* Exercise
Set down, exactly and only, everything from the line containing "สรจ.สกลนคร จัดงานวันแรงงานแห่งชาติ ประจำปี" down to the line containing "13 Watt A19" in the data below; the pictures are not part of the copy.

* Data supplied
/---
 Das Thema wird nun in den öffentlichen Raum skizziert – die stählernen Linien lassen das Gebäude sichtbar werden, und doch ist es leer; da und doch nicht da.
\---
/---
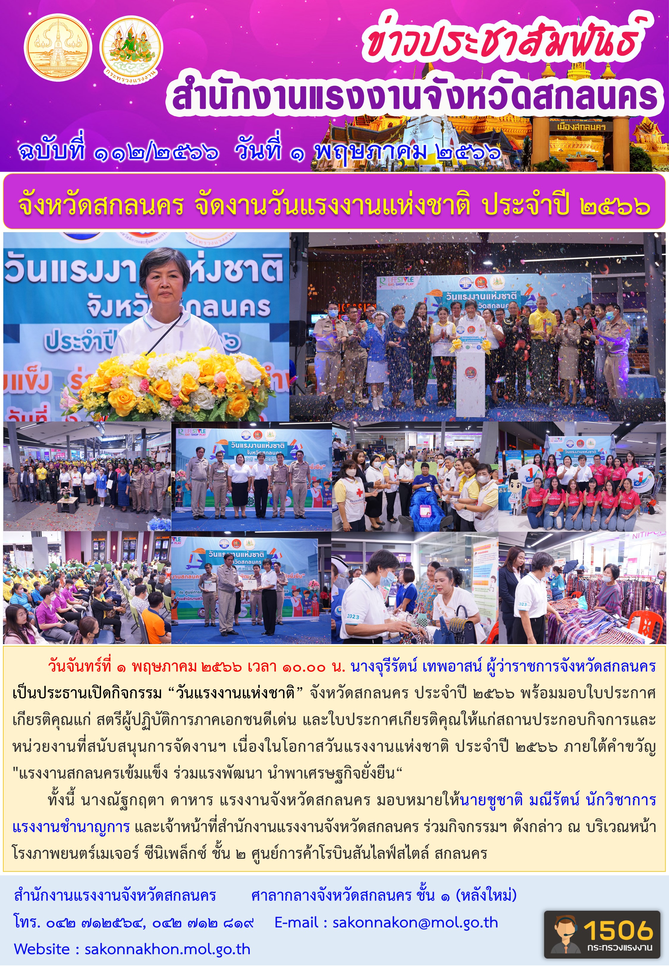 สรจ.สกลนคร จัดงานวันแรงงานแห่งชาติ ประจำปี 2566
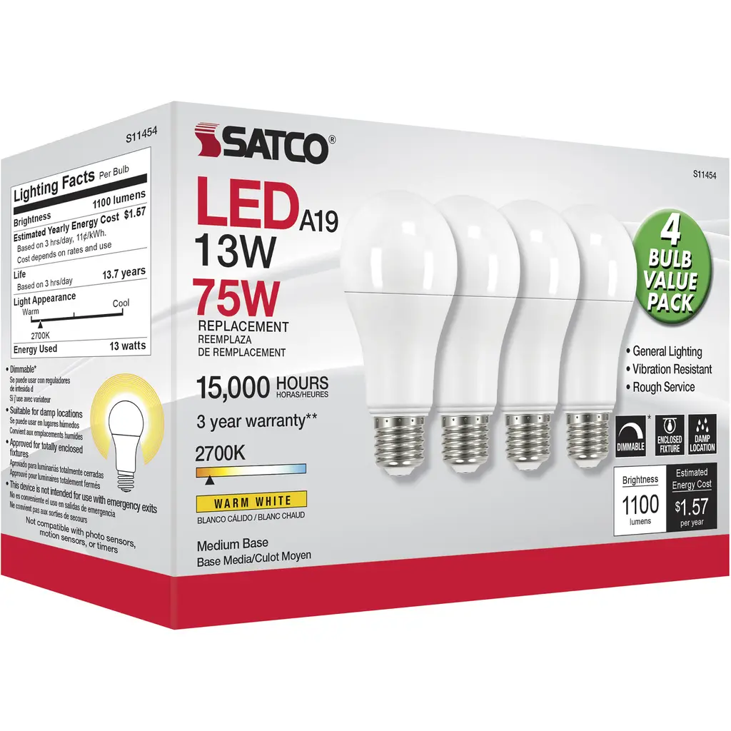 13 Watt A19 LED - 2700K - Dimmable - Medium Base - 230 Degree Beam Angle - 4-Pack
\---
* Your solution
 สรจ.สกลนคร จัดงานวันแรงงานแห่งชาติ ประจำปี 2566
 13 Watt A19 LED - 2700K - Dimmable - Medium Base - 230 Degree Beam Angle - 4-Pack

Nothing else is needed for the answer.